Don't forget those that have to have C# support in text editors now there are plugins for Brackets, Atom, Sublime, vim and Emacs via http://omnisharp.net
Unless of course they push to make VS cross platform. I wouldn't be surprised if this is in the works. There has been a huge push at MS to become more cross platform with their product offerings. They must know a lot of their developers run OSX with a Windows VM just to run VS. I know pretty much our entire team does that.
As someone who has worked with Visual Studio and integration APIs for a long time, a port of VS across platforms would be a huge undertaking. A rewrite, essentially.
Visual Studio is heavily tied to WPF (Windows-only) presentation framework, COM (Windows-only) for communication across components and plugins, as well as bits of native legacy code throughout (Windows-only.)
Truly, you're looking at rewriting Visual Studio to get it on OSX. Heck, MS would probably be better off just buying Scrawl and rebranding it as Visual Studio for Mac.
And remember: while .NET is going cross-platform, there are no public plans for a cross-platform UI toolkit; there is no cross platform WinForms or WPF from Microsoft.

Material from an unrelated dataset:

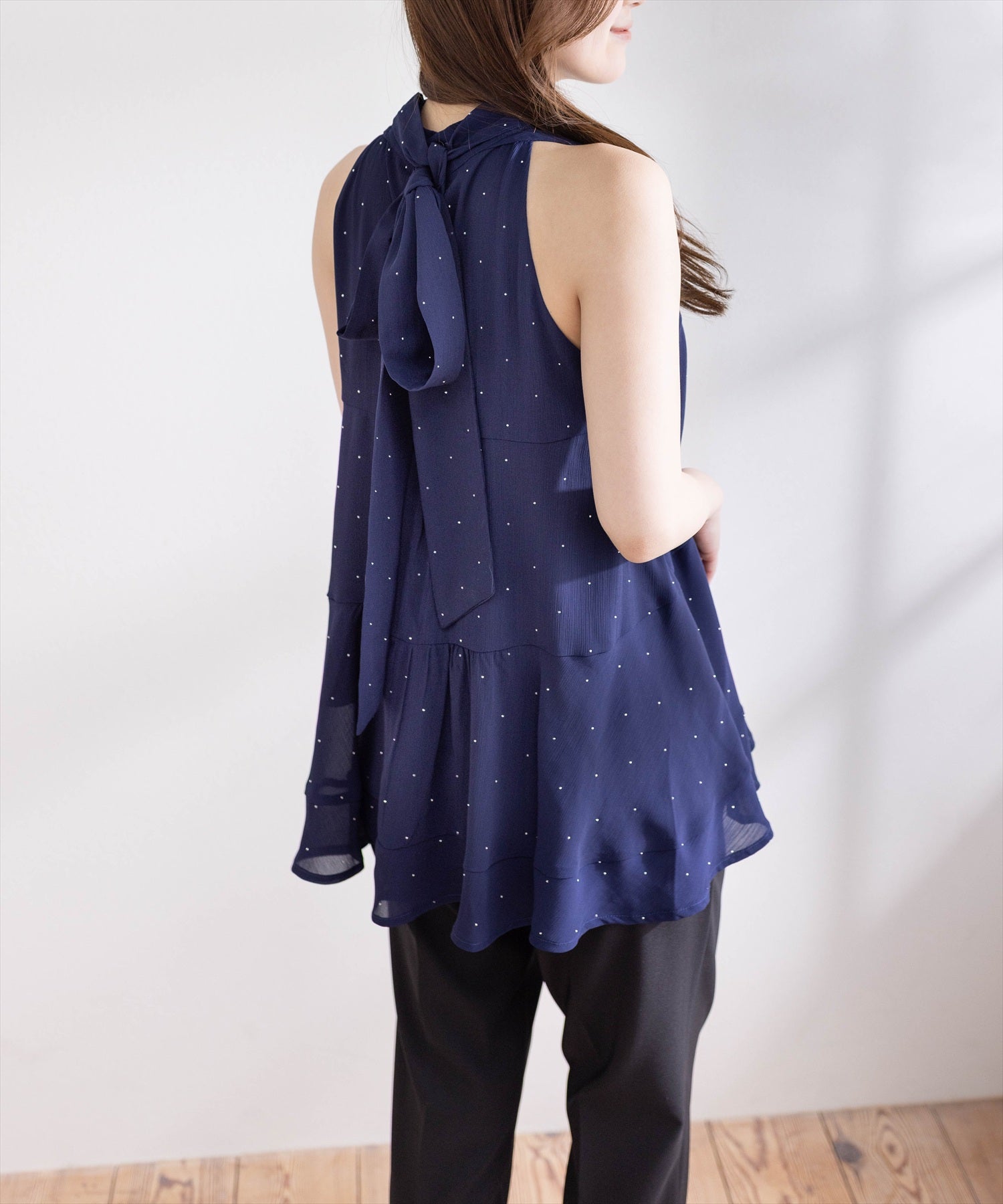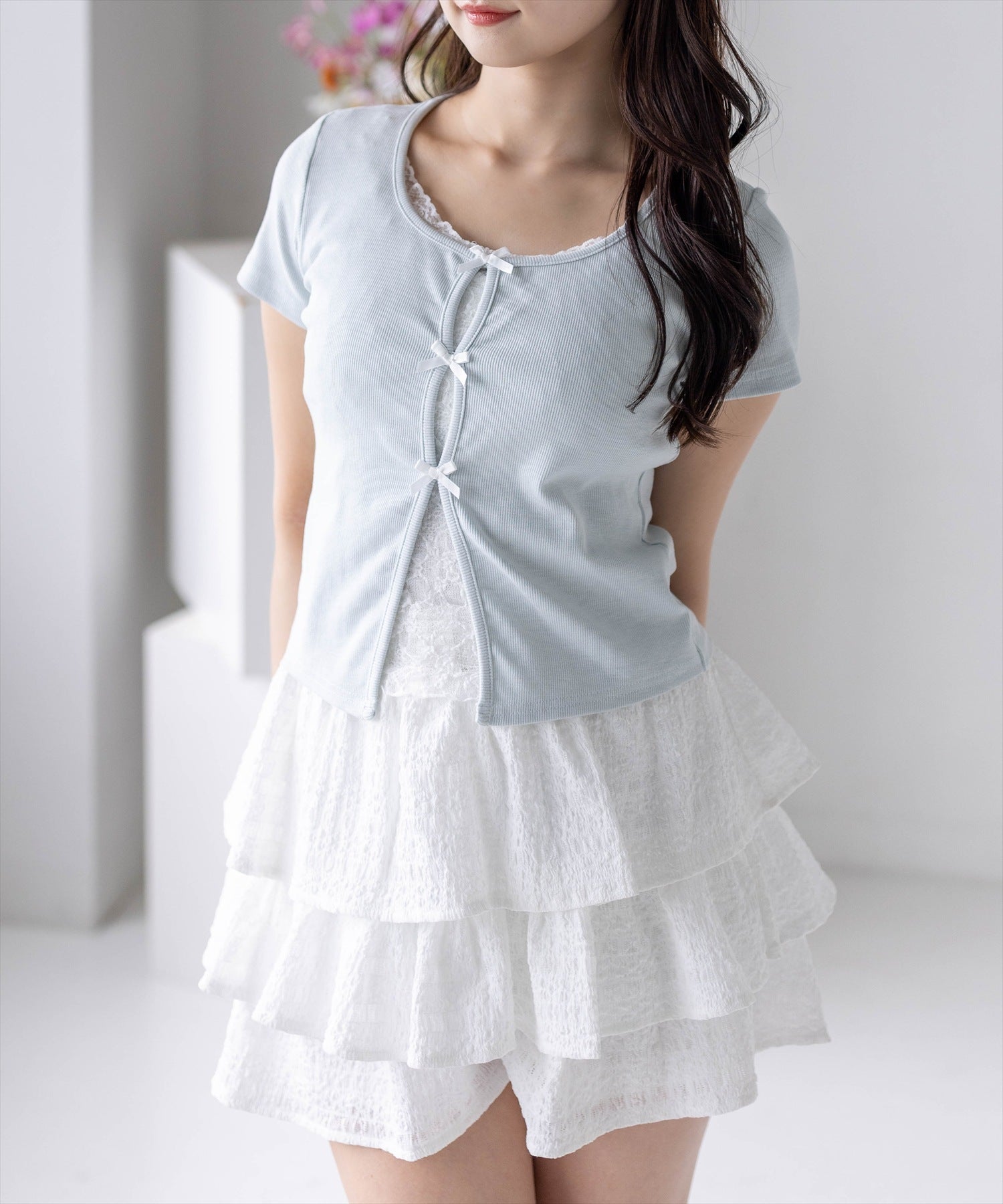 CLEAR BASIC≪新作≫ラインストーン付きボウタイリボンティアードブラウス[CL9756]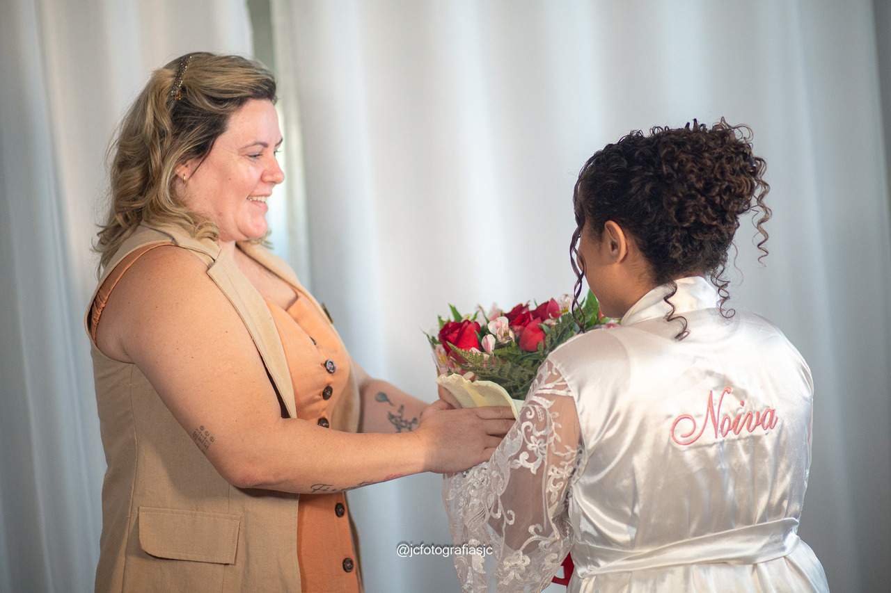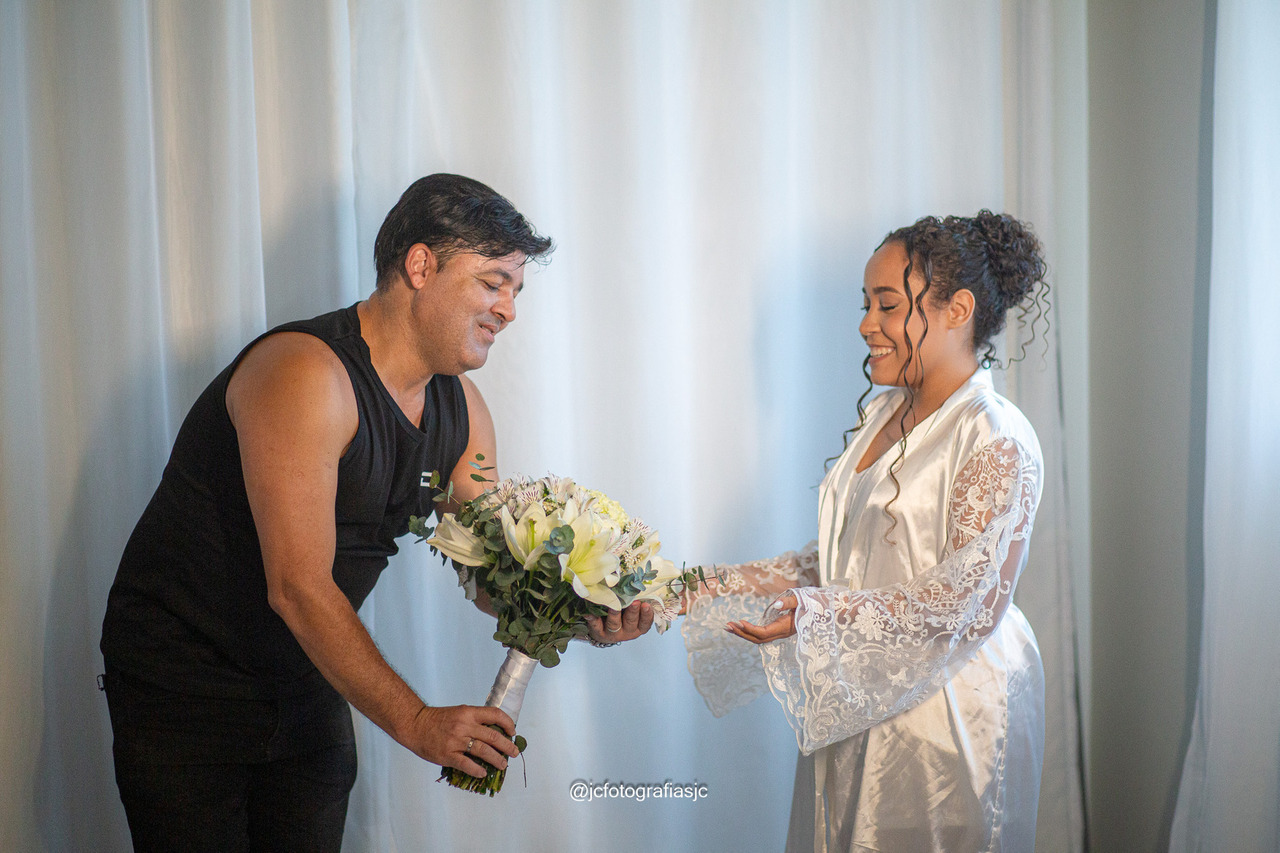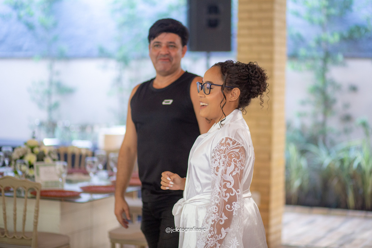 O momento em que recebeu o buquê, a reação do pai, ao vê-la pronta, que nos arrancou suspiros e sorrisos emocionados. Um daqueles instantes que ficam guardados para sempre. Ele declarou seu amor e orgulho pela filha que é e a abençoou.

If Microsoft made VS cross platform, they would make a much more lightweight, modular IDE aimed at (initially) C#,VB,F# and javascript. They'd be able to leave out decades of that old COM/Win32/C++ cruft.
Essentially, this is what they would make. Or, they could simply buy this...
Why do i need to care? Today the only cross platform thing I worry about is if my site works correctly in IE/Firefox/Chrome/Safari. I don't care about my tools, I use windows, in the past I've used windows in a virtual machine on OSX. I'm not worried about it as a web developer.
Thanks for your comment! Did I have a choice about what ORM I used? No
I agree about your approach regarding a service in a larger app but in a smaller app I have come to the conclusion today that IDBContext injected into a controller would be better than a repo, as you say you arent going to change ORMs in reality and it exposes the native functionality of your ORM.
There's going to be a lot of refactoring either way, whether there are custom abstraction layers in place, and whether there aren't.
The abstraction layers that were originally intended to ease a transition between ORMs or DBs often end up making such a transition far more difficult. They just end up being another huge amount of code that needs some type of refactoring.
IDbSet<T> is enough.
If you swap your ORM, you're swapping mindset more than just methods, unless you're mapping ORM entities to POCOs in your repository object.